**Provided data**.
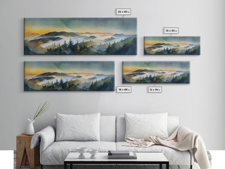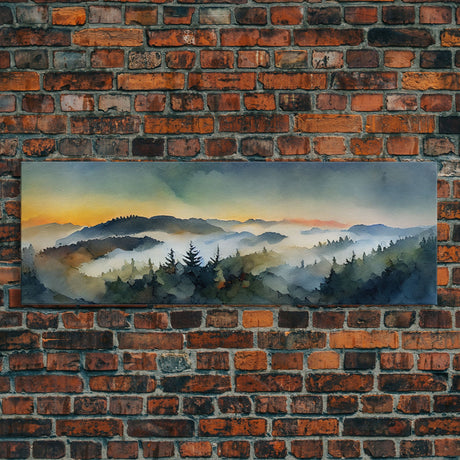 Beautiful Watercolor Landscape, Ready To Hang Canvas Print, Panoramic Art, Above Sofa Wall Art
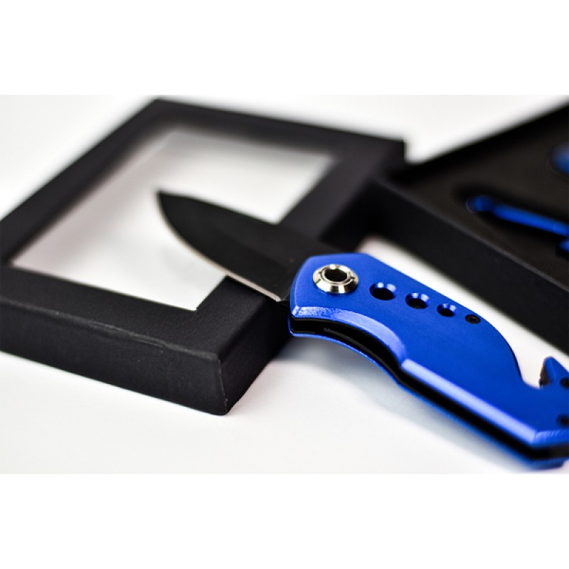 Wykonany z metalu 2CR13 składany nóż z ostrzem o długości 58 mm, blokadą ostrza, młotkiem do rozbicia szyb, przecinakiem do samochodowych pasów bezpieczeństwa i klipem do zaczepienia. Zapakowany w czarnym poliestrowym etui.
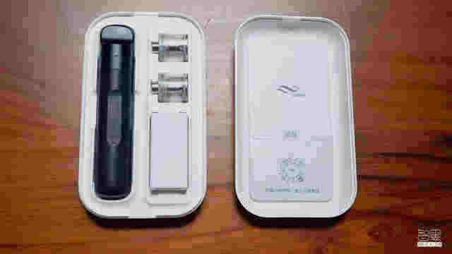 打開煙盒,可以看到電子煙本體一支,霧化倉兩個,還有一根USB充電線。說明書則是在“肥皂盒”的另外一側,這里值得一提的是說明書是嵌在盒中的,既不會浪費盒子的空間,又不容易弄丟。
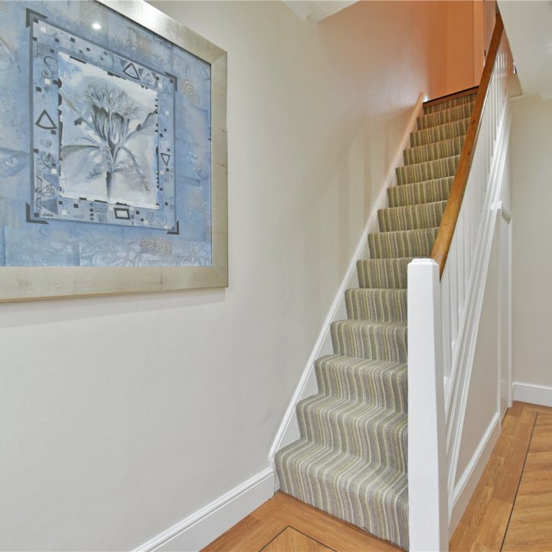 To the first floor is a spacious landing with a useful storage cupboard, leading to three well-proportioned bedrooms, including two generous double bedrooms and a larger-than-average single room, perfectly suited to a growing family or home office. These rooms are served by an immaculate four-piece family bathroom, comprising a walk-in shower, bath, hand wash basin and WC.

**Your assignment**.
Copy only what lies between the start of the listing above and the line containing "Wykonany z metalu", inclusive of both ends, exactly as written, and drop the pictures.

**Response to this task**.
 Beautiful Watercolor Landscape, Ready To Hang Canvas Print, Panoramic Art, Above Sofa Wall Art
 Wykonany z metalu 2CR13 składany nóż z ostrzem o długości 58 mm, blokadą ostrza, młotkiem do rozbicia szyb, przecinakiem do samochodowych pasów bezpieczeństwa i klipem do zaczepienia. Zapakowany w czarnym poliestrowym etui.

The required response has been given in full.